札幌へも通える距離と、協力隊制度が移住の決め手。こだわりの卵を、お客さんに届け続けて。

携帯電話はほぼ圏外、お隣さんは1km先という厚真の山奥で、奥さんと猫と番犬たちと暮らしながら自然養鶏農園を営んでいる小林廉さん。地域おこし協力隊在任中の2013年に就農し、この4月で丸4年を迎えようとしています。販売している卵は1個50円とちょっとお高めながら、ガッチリとお客さんをつかみ、規模拡大を進めるほど順調なご様子。そんな小林さんに就農までの道のりと現在の暮らしぶりについてお話を聞きました。

僕たちのあたりまえを押しつけない飼い方

– 小林さんが実践されている自然農鶏とは、具体的にはどんな飼い方でしょうか。

小林:自然農鶏は、飼育下ではあるけれども、できるだけ「自然に近い状態」で飼おうという考え方です。鶏にとって「不自然なこと」はストレスにつながります。ストレスがあると病気になったり、他の鶏をつついていじめたり、思うように産卵しなくなります。鶏にとってのストレスを、あらゆる方向からいかに減らすか。それにつきると思います。

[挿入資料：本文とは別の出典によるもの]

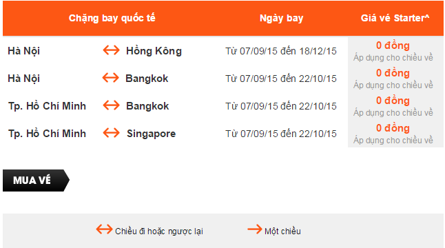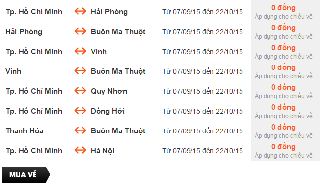 Lưu ý: Để mua được vé khuyến mại 0 đồng cho chiều về, Quý khách phải lựa chọn hành trình bay khứ hồi trong giai đoạn có khuyến mại. Khi đó giá mở bán cho chiều đi là giá bình thường trên hệ thống, giá mở bán cho chiều về được khuyến mại chỉ 0 đồng

たとえばケージに閉じ込めるのではなく、地面に放して飼うこと(平飼い)で鶏は自由に動き回ることができます。そうすると彼らは本来の習性に沿った行動ができるんです。くちばしで地面をつついてエサを探したり、砂浴びをしたり、天気のいい日には日なたぼっこをしたり。オスとメスを一緒に飼っているので交尾もします。卵を産みたくなったら自分で産卵箱に入って卵を産みます。

反対に、つつく土がなければ隣にいる鶏をつつくかもしれません。動き回れるスペースがなければ運動不足で病気になるかもしれません。うちの場合は、病気になるリスクを減らしているので抗生物質を投与する必要がありません。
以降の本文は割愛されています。